This means you should run <code>vcvarsall.bat</code> or open an appropriate Visual Studio Command Prompt
corresponding to the version you wish to use.
</p>
<p>Finally, when you are ready to build LLDB, generate CMake with the following command line:</p>
<code>cmake -G Ninja &lt;cmake variables&gt; &lt;path to root of llvm src tree&gt;</code>
<p>and run <code>ninja</code> to build LLDB. Information about running the LLDB test suite can be found on the <a href="test.html">test</a> page.</p>
<p>
Following is a description of some of the most important CMake variables which you are likely to encounter.
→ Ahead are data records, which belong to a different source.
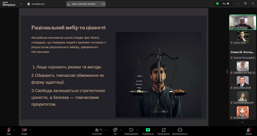 Учасники лекції активно обговорювали представлені концепції, ставили запитання та ділилися власними думками щодо актуальних соціально-політичних викликів. Формат онлайн також дав змогу приєднатися до обговорення науковцям та студентам із інших міст України через Zoom, що підкреслило відкритість і доступність заходу.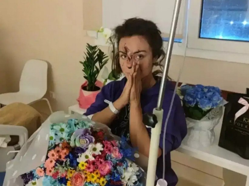 Η Ευδοκία Τσαγκλή επιζήσασα των Τεμπών με εμφανή τα τραύματα στο πρόσωπό της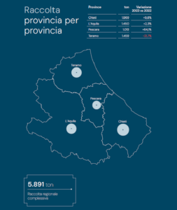Tutte le province contribuiscono all’incremento dei volumi complessivi, fatta eccezione per quella di Teramo (-21,7%) che scende a 1.459 tonnellate. La provincia di Pescara registra la miglior performance (+64,1%) che porta i volumi raccolti a 1.013 tonnellate. La raccolta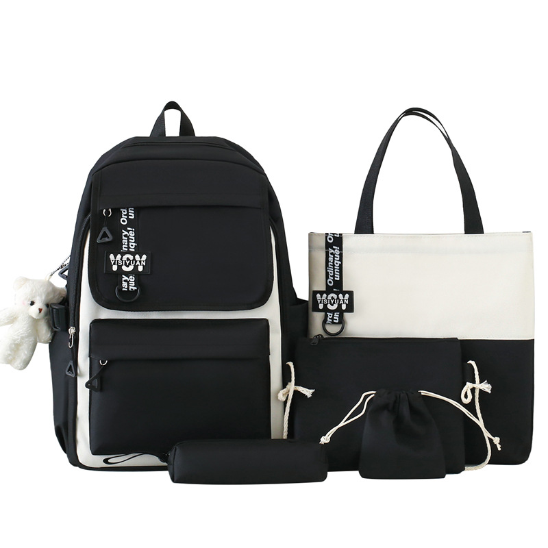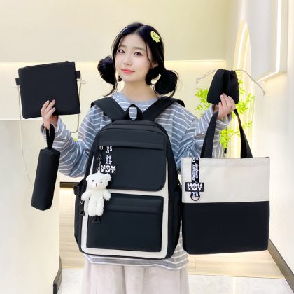 High-value Backpack All-match Senior high school Ins Simple Campus Backpack Five-piece Set Schoolbag for Junior High School Students Women’s Large Capacity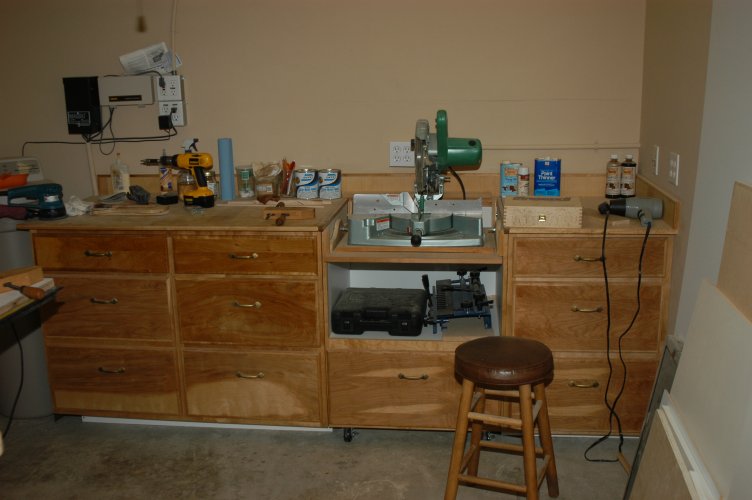I was able to get about 60% of one bay of a three car garage. I built walls because a shop creates a lot of dust and we wanted to keep dust off the cars. I put a 50 amp breaker in my main electrical box and installed a sub box at the shop with maybe a dozen circuits. I ran both 220 and 110 circuits in the shop - lots of 110 outlets - and put GFI on all the 110 circuits, including the lights. Next, I had to build some cabinetry for storage and to have some workspace. This is a picture of my first cabinet work. I built it out of melamine and birch plywood. I selected birch plywood with heartwood because I find regular birch boring. The miter saw is mounted on a rolling cabinet so that I can take it out of the shop for cutting long molding.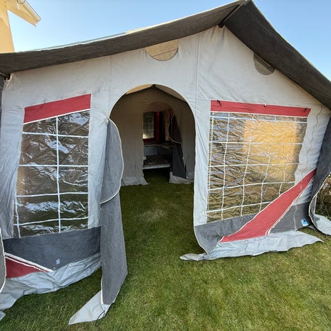 Standbytelt 700 med tilhørende veranda Total og køkken.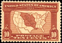 10-cent stamp depicts a map of the USA showing the area of the Louisiana Purchase. But the map omits the original bulge north above the 49th parallel north latitude, and includes a south-east patch extending into Spanish Florida land.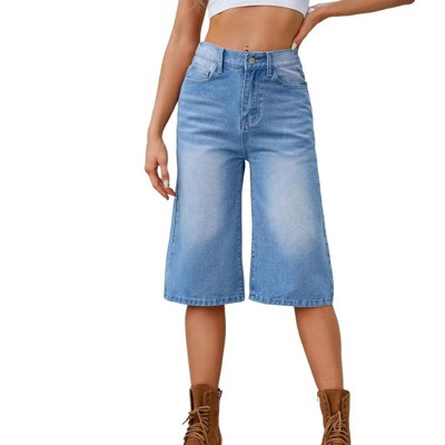 Coolmee Women's High Waisted Jean Shorts Baggy Straight Leg Stretchy Denim Cropped Pants Casual Wide Leg Jeans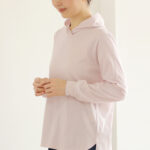 小さめの襟に、ヒップラインまでの合わせやすい着丈、 シンプルなデザインのブラウスです。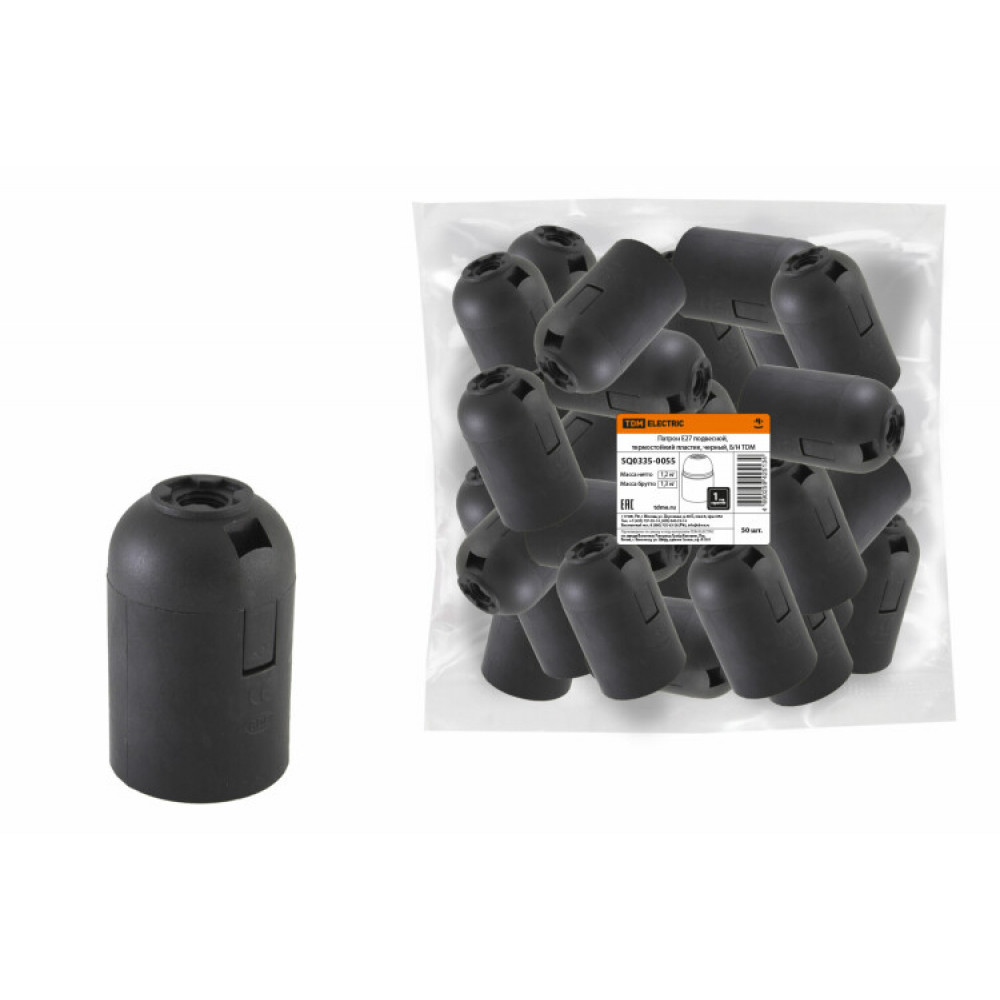 Описание Патрон Е27 подвесной, термостойкий пластик, черный, Б/Н SQ0335-0055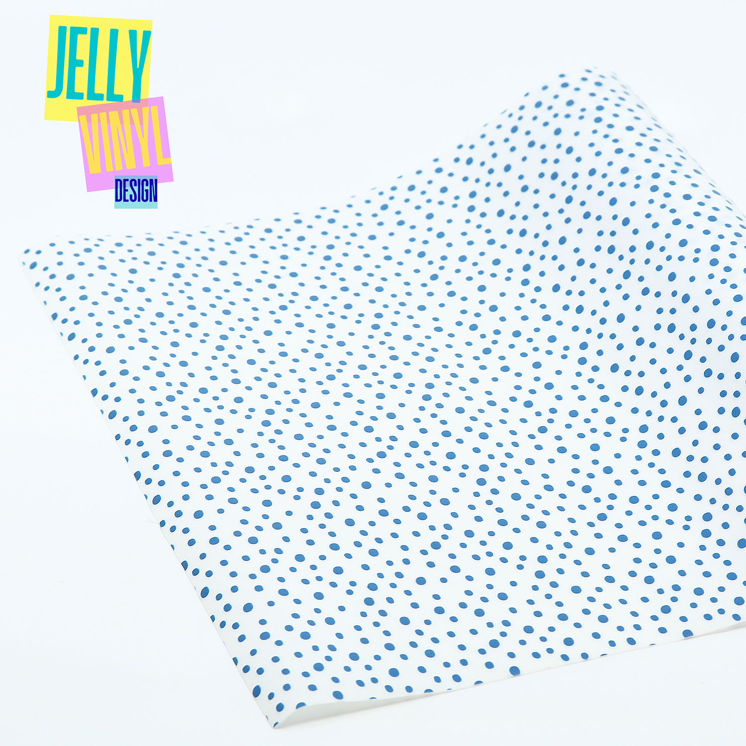Das Jelly Vinyl Design „Dots blau" ist ein transparentes Vinyl mit zeitlosem Pünktchen Design. Es setzt fröhliche Akzente und macht jedes Nähprojekt zu etwas Besonderem.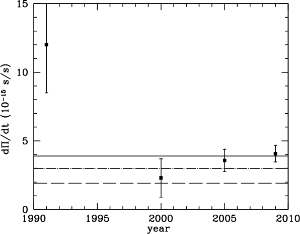 calculations, the secular rate of period change increases by 50%, although the exact value depends on the core temperature and,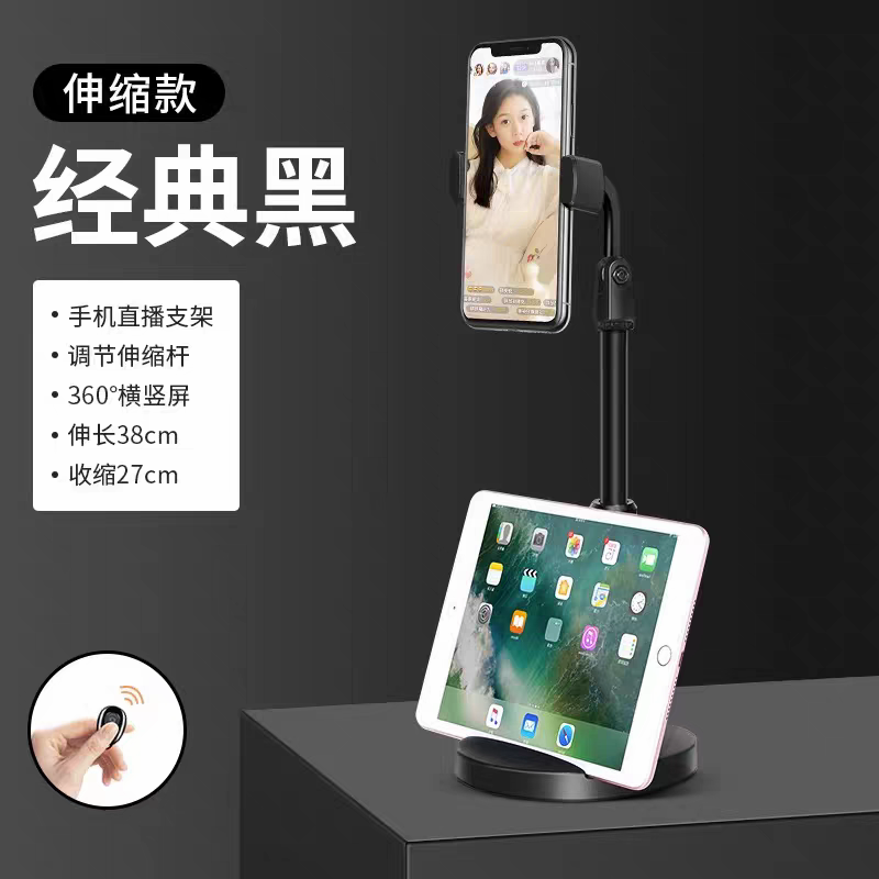 手机拍摄支架直播专用自拍杆三脚架落地式多功能支撑架通用捭机架户外便携伸缩升降网课考研复试架子三角支夹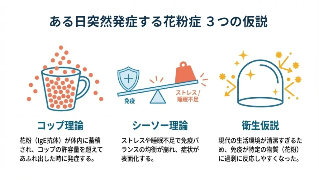 ストレスや睡眠不足などで体の免疫バランスが崩れると、アレルギー症状が表面化するという説です。体調が悪い時に症状が出やすいのはこのためかもしれません。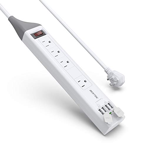 BESTEK 4-Outlet Power Strip Surge Protector 7.5A 4 USB Charging Ports with 6.6-Foot Extension Cord, ETL Listed-White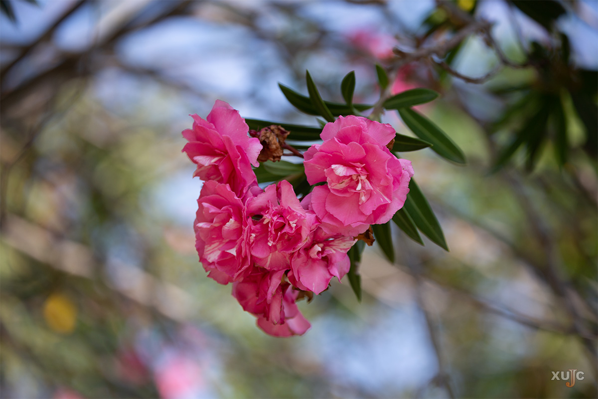 夾竹桃,原產于亞洲、歐洲及北美洲,可抗灰塵、抗毒物和凈化空氣、保護環(huán)境,在園林中常作為護欄旁的綠籬栽培。(朱鮮艷 攝)

A variable <code>FOO</code> is set by adding <code>-DFOO=value</code> to the CMake command line.
</p>
<ul>
<li>
<b>LLDB_TEST_DEBUG_TEST_CRASHES</b> (Default=0): If set to 1, will cause Windows to generate a crash
dialog whenever lldb.exe or the python extension module crashes while running the test suite. If set to
0, LLDB will silently crash. Setting to 1 allows a developer to attach a JIT debugger at the time of
a crash, rather than having to reproduce a failure or use a crash dump.
</li>
<li>
<b>PYTHON_HOME</b> (Required): Path to the folder where the Python distribution is installed. For example,
C:\Python35
</li>
<li>
<b>LLDB_RELOCATABLE_PYTHON</b> (Default=0): When this is 0, LLDB will bind statically to the location specified
in the PYTHON_HOME CMake variable, ignoring any value of PYTHONHOME set in the environment. This is most useful for
developers who simply want to run LLDB after they build it. If you wish to move a build of LLDB to a different
machine where Python will be in a different location, setting LLDB_RELOCATABLE_PYTHON to 1 will cause Python to
use its default mechanism for finding the python installation at runtime (looking for installed Pythons, or using
the PYTHONHOME environment variable if it is specified).
</li>
<li>
<b>LLDB_TEST_COMPILER</b>: The test suite needs to be able to find a copy of clang.exe that it can use to compile
inferior programs. Note that MSVC is not supported here, it <strong>must</strong> be a path to a clang executable.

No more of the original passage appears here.